The Cathedral of St. Paul

Exterior of the Cathedral of Saint Paul

TripSavvy / Chris Bacarella

The Cathedral of St. Paul in the city of St. Paul is over 100 years old. The cathedral is the vision of Archbishop John Ireland, and architect and devoted Catholic Emmanuel Louis Masquery.

Construction of the building commenced in 1907 and the exterior was completed in 1914. Work on the interior proceeded at a slower pace, as funding allowed, but the Cathedral was able to hold the first Mass in the partially completed building on Easter Sunday in 1915.

Masquery died in 1917, before completing his design for the interior. Archbishop Ireland passed away only a year later. Archbishop Ireland's successors, Archbishop Dowling and Bishop John Murray, oversaw work on the interior, which was to take until 1941 to complete.


The Cathedral of St. Paul is considered to be one of the most beautiful cathedrals in America. The design is in the Beaux-Art style and was inspired by Renaissance cathedrals in France.

The exterior is Minnesotan St. Cloud granite. The interior walls are American Travertine from Mankato, Minnesota, and the interior columns are made of several types of marble.

Topping the Cathedral is a 120-foot wide copper dome. A lantern on top of the dome brings the total height of the Cathedral to 306-feet-tall from the base to the top of the lantern.

The interior space is no less impressive. As you walk into the Cathedral, watch out for the people visiting the cathedral for the first time. They tend to stop abruptly in front of you to stare at the stunning interior.

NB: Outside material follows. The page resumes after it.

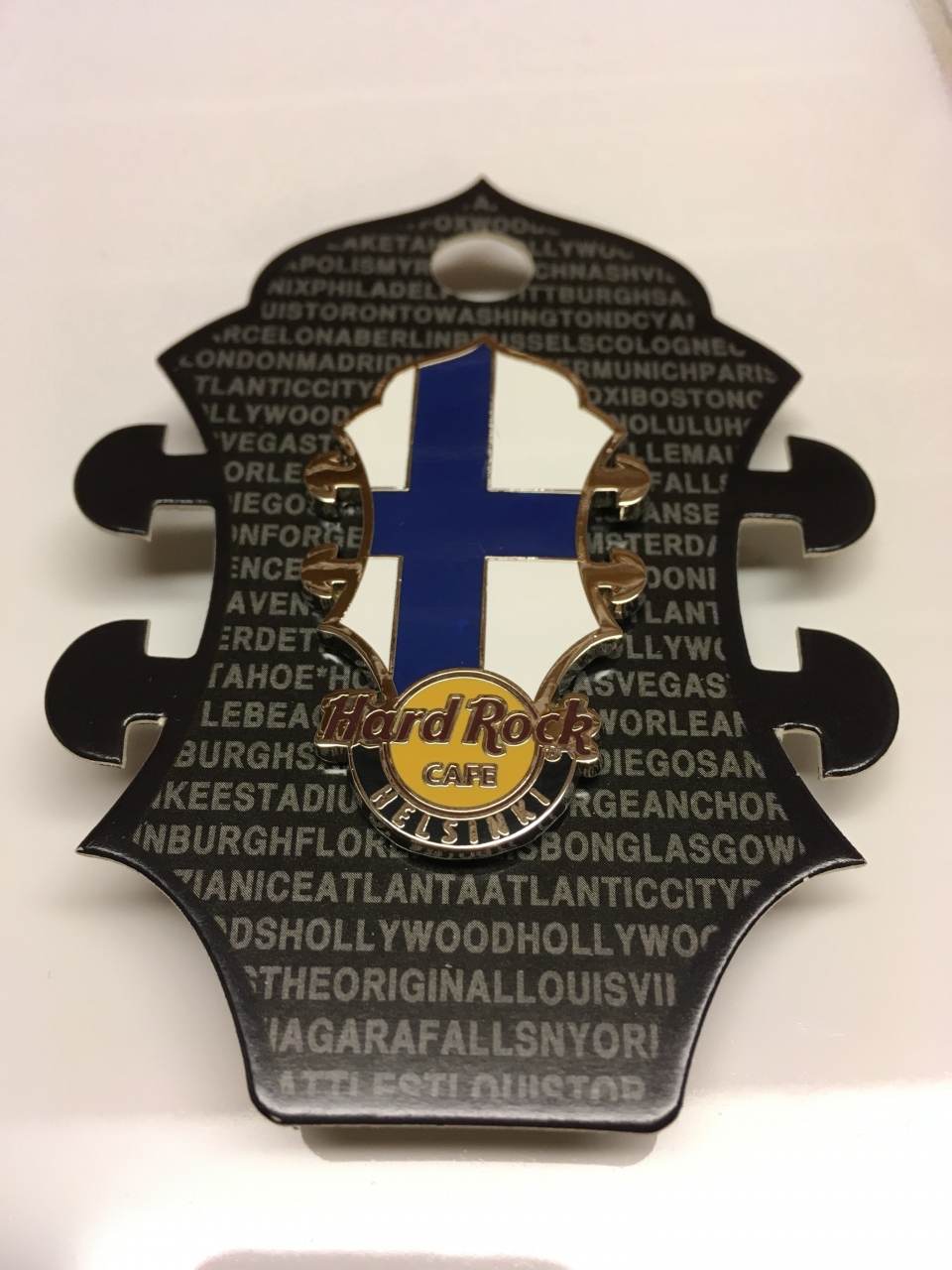 ピンバッチは、定番のギター型の他、観光地が書かれているものなど色々と種類はありましたが、今回はフィンランド国旗のデザインを購入しました♪

Laid out in a Greek cross, the interior is bright and open. Masquery envisioned a Cathedral with no obstructions for anyone attending Mass.

The interior ceiling soars to 175 feet high at the top of the 96 feet wide dome. At the base of the dome, stained glass windows let in light, and more several windows pierce the walls.

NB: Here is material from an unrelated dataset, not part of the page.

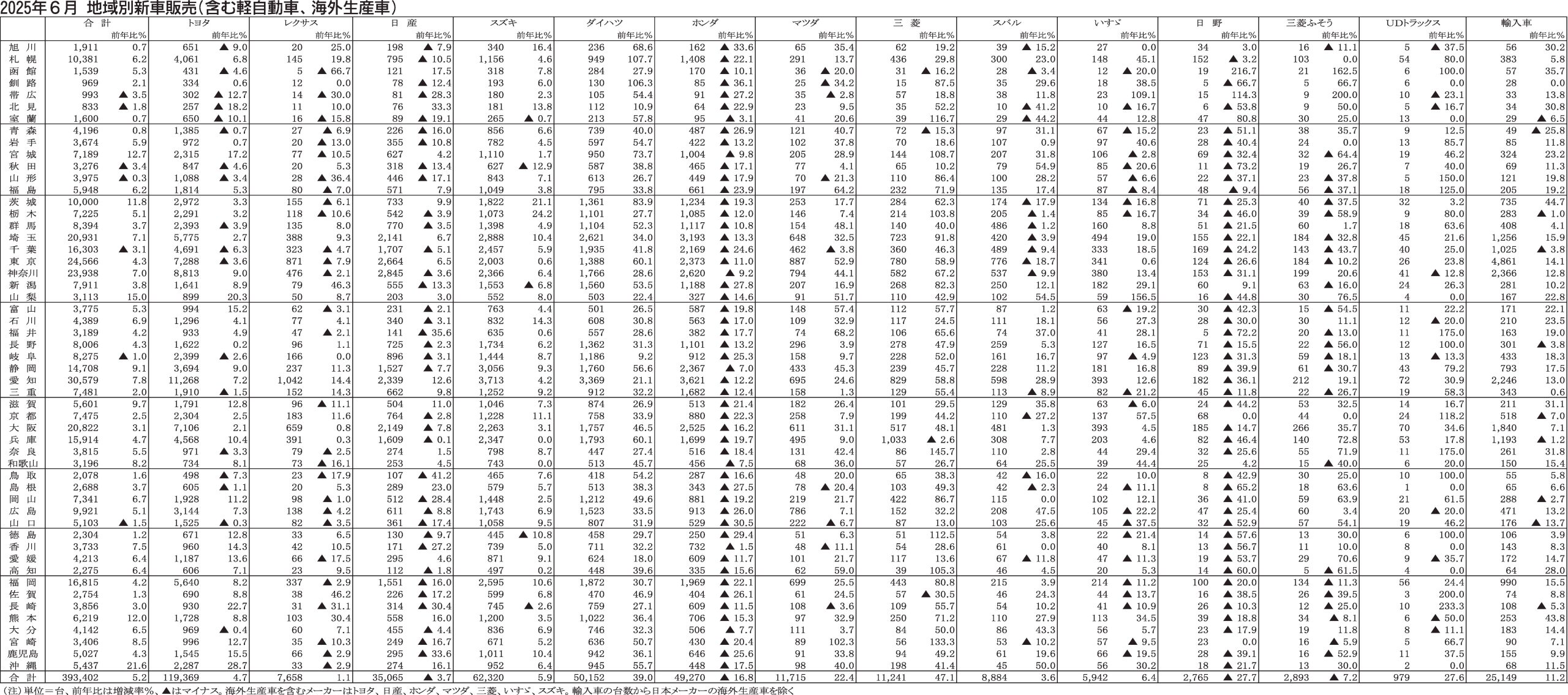 〈2025年6月地域別新車販売(含む軽自動車、海外生産車)〉

A bronze baldachin, a canopy over the altar, honors the life of St. Paul.

Although the Cathedral's design was inspired by ancient French cathedrals, it has modern conveniences, like electric lighting, and heating. Heating a place like this can't come cheap, but it's sure to be appreciated by the congregation on winter days.

Worship at the Cathedral

The Cathedral is the Archbishop's official church and the Mother Church of the Archdiocese of Saint Paul and Minneapolis.

The Basilica of St. Mary in Minneapolis is a co-cathedral to St. Paul's cathedral.

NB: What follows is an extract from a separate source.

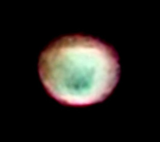 On September 9th, the Andromedan ship Serenity gave this stunning window view, left of the Saturn-Jupiter-Moon alignment that night, with a blue being clearly seated in the foreground, with a dark green being to the left.

Mass is held every day in the cathedral, and several times on Sunday.

There are chapels dedicated to the Sacred Heart, to Mary, Joseph, and to Saint Peter.

The Shrines of the Nations honors saints important to the many ethnic groups that helped build the Cathedral, and the city of St. Paul.

  • Saint Anthony of Padua of Italy
  • Saint Boniface of Germany
  • Saints Cyril and Methodius of the Slavic Nations
  • Saint Patrick of Ireland
  • Saint John the Baptist of France
  • Saint Therese, the Protector of all Missions

Visiting the Cathedral

The cathedral is on a high bluff overlooking downtown St. Paul, at the intersection of Summit Avenue and Selby Avenue.

The cathedral is open to visitors every day, except on holidays and Holy days. It is free to visit the cathedral but donations are requested.

A parking lot on Selby Avenue offers free parking to Cathedral visitors.

The Cathedral and the lantern are illuminated at night. The Cathedral can be seen from much of downtown St. Paul and is an impressive sight.

Visitors may explore on their own, except during Mass or when a special event is being held. To see and appreciate the best of the Cathedral, join one of the free Guided tours are held several times a week.